# Single scan

{% hint style="warning" %}
It’s important to ensure that the **JAVA\_HOME** environment variable points to the directory where Java is installed, which may or may not be done automatically depending on your platform. Additionally, you need to make sure that the $JAVA\_HOME/bin directory is included in your system’s PATH so that you can access the Java executable from anywhere on your system. Please see [Xygeni CLI Prerequisites](https://docs.xygeni.io/xygeni-scanner-cli/xygeni-cli-overview/xygeni-cli-prerequisites) for further info.
{% endhint %}

The command `xygeni scan` is a wrapper to run all the **different types of scanners**. Therefore, when `xygeni scan` is executed, by default *ALL the available scanners are silently executed*. See [Xygeni Scanners](https://docs.xygeni.io/xygeni-scanner-cli/xygeni-scanners) for a full description of available scanners.

{% hint style="info" %}
**Every available Scanner can be executed alone** (`xygeni secrets`, `xygeni deps`, etc) and has its **own parameters**.

`xygeni scan` allows to specify the most important parameters to every specific scanner, but not all.
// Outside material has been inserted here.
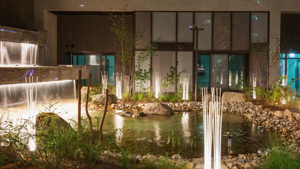 단지 내 수공간 ‘워터플라자’에 적용된 경관조명은 물결과 수목이 예술작품처럼 표현되도록 연출했다. 또 시간에 따라 적절한 조도를 구현하여 단지 내 조성된 자연을 편안한 분위기 속에서 감상 수 있도록 계획했다.

Therefore, if you want to specify a certain scanner parameter not supported by xygeni scan you should invoke the specific scanner.
{% endhint %}

Nevertheless, `xygeni scan` allows you **to select which scanners** to execute using ***`--run`** parameter.*

If you want, for example, to run only deps and secrets you could execute:

```
xygeni scan --run="deps,secrets" 
```

Similarly, if you want to run **all the scanner except** deps and secrets you could use **`--skip`** parameter to avoid running them:

```
xygeni scan --skip="deps,secrets" 
```

`xygeni scan` command analyzes the [input specified](#xygeni-scan-inputs) (a directory, a source repository or a container image), generates an [output](https://docs.xygeni.io/xygeni-scanner-cli/xygeni-cli-overview/xygeni-cli-output-formats) with the results, and [exports or uploads](https://docs.xygeni.io/xygeni-scanner-cli/xygeni-cli-overview/exporting-xygeni-results-to-3rd-party-tools) the results to the Xygeni platform for consolidation and central access.

## Results upload

Depending if you specify scan or any specific scanner, the results uploading to the Xygeni servers works differently.

* When using `scan`, the results are automatically **uploaded** to Xygeni servers.
* When using any specific scanner (`secrets`, `deps`, etc), the results are **NOT uploaded** to Xygeni servers.

{% hint style="info" %}
You can use the **`--upload`** and **`--no-upload`** to change the default results upload behavior
{% endhint %}

## AI Triage during a scan

Pass the `--triage` flag to a scan command to run [AI Triage](https://docs.xygeni.io/xygeni-administration/platform-administration/projects-management/ai-triage) automatically once the scan finishes. The scan runs as usual, and the resulting issues are sent to the AI Triage engine; the triage results are uploaded to a dedicated triage endpoint and become available in the issue slide-out and as tags on the affected issues.

`--triage` is supported on:

* `xygeni scan`
* `xygeni sast`
* `xygeni iac`
* `xygeni secrets`

```bash
xygeni sast -d <dir> --triage [rest of flags ...]
```

{% hint style="info" %}
Triage results are **not** included in the report zip uploaded by the scan — they are uploaded to a dedicated triage endpoint.
{% endhint %}

For on-demand triage of an existing report, see [`util ai-triage`](https://docs.xygeni.io/xygeni-scanner-cli/xygeni-cli-overview/cli-utils/ai-triage).

## Scan inputs

`xygeni scan` command allows to scan the following types of inputs (or objects to be scanned):

* [Directory](#directory-scan)
* [Repository](#repository-scan)
* [Container Image](#container-image-scan)

### Directory Scan

Pass the directory for the sources to analyze in the `-d` or `--dir` option. Defaults to the current working directory. To specify comma-separated patterns for files to include / exclude in the scan, use the `-i|--include` and `-e|--exclude` options, respectively.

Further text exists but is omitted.